* [DATA EXTRACT]
────────────────────
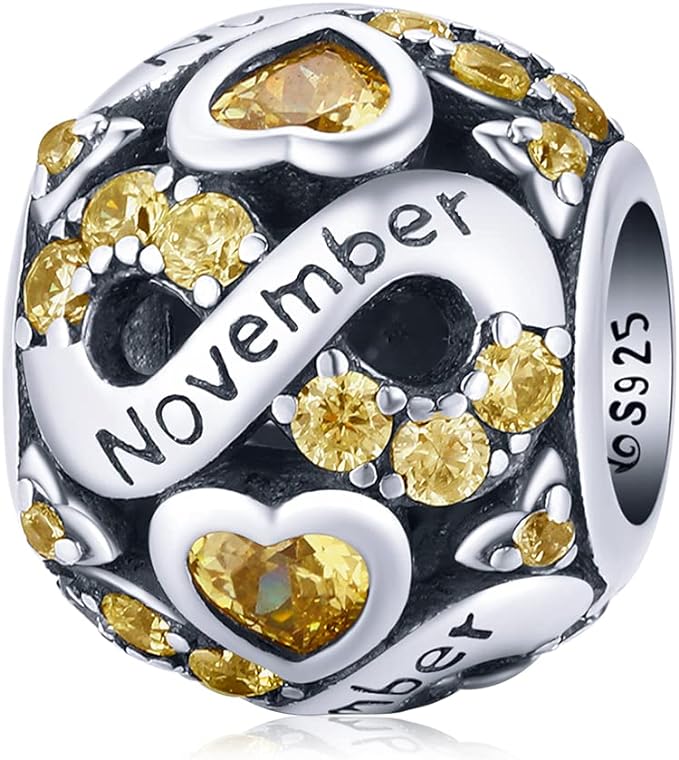 November Birthstone Infinity Birthday Bead Charm for Bracelet, S925 Sterling Silver
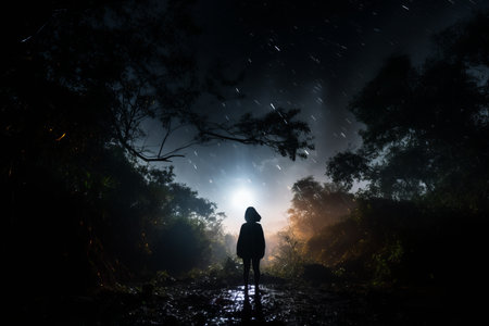Person lighting up the starry night sky with a head torch while stargazing in the mountains. . High quality photo
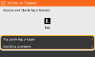 Om ett meddelande visas när enheten tar emot ett fax/I-fax eller automatiska rapportutskrifter har valts lagras mottagna fax/I-fax och rapporter i minnet för att undvika bleka utskrifter. Om du vill fortsätta att skriva ut trots att tonern börjar ta slut ställer du in <Forts. utskr. när patr. låg> på <På>. <Forts. utskr. när patr. låg> |
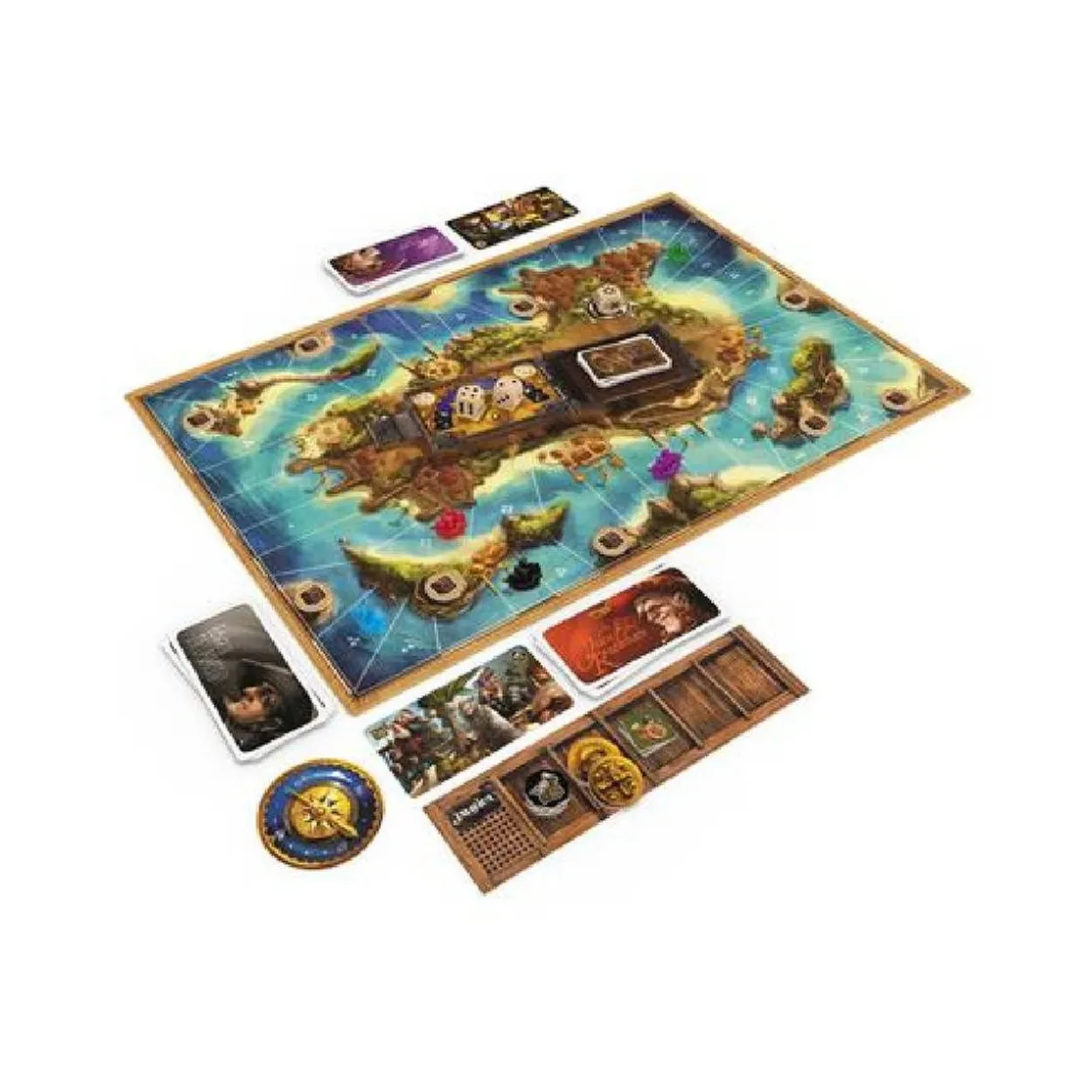 Incluye: 1 tablero, 66 cartas de acción, 12 de tesoro, 80 doblones de oro, 45 fichas de víveres, 45 fichas de pólvora, 9 fichas de tesoro, 1 brújula, 2 dados de acción, 6 barcos, 6 bodegas, 1 dado de combate y 1 reglamento.
────────────────────
* [TO DO] The material above is to be set down exactly, with pictures removed.

* [RESULT OF THE EXERCISE]
 November Birthstone Infinity Birthday Bead Charm for Bracelet, S925 Sterling Silver
Person lighting up the starry night sky with a head torch while stargazing in the mountains. . High quality photo
 Om ett meddelande visas när enheten tar emot ett fax/I-fax eller automatiska rapportutskrifter har valts lagras mottagna fax/I-fax och rapporter i minnet för att undvika bleka utskrifter. Om du vill fortsätta att skriva ut trots att tonern börjar ta slut ställer du in <Forts. utskr. när patr. låg> på <På>. <Forts. utskr. när patr. låg> |
 Incluye: 1 tablero, 66 cartas de acción, 12 de tesoro, 80 doblones de oro, 45 fichas de víveres, 45 fichas de pólvora, 9 fichas de tesoro, 1 brújula, 2 dados de acción, 6 barcos, 6 bodegas, 1 dado de combate y 1 reglamento.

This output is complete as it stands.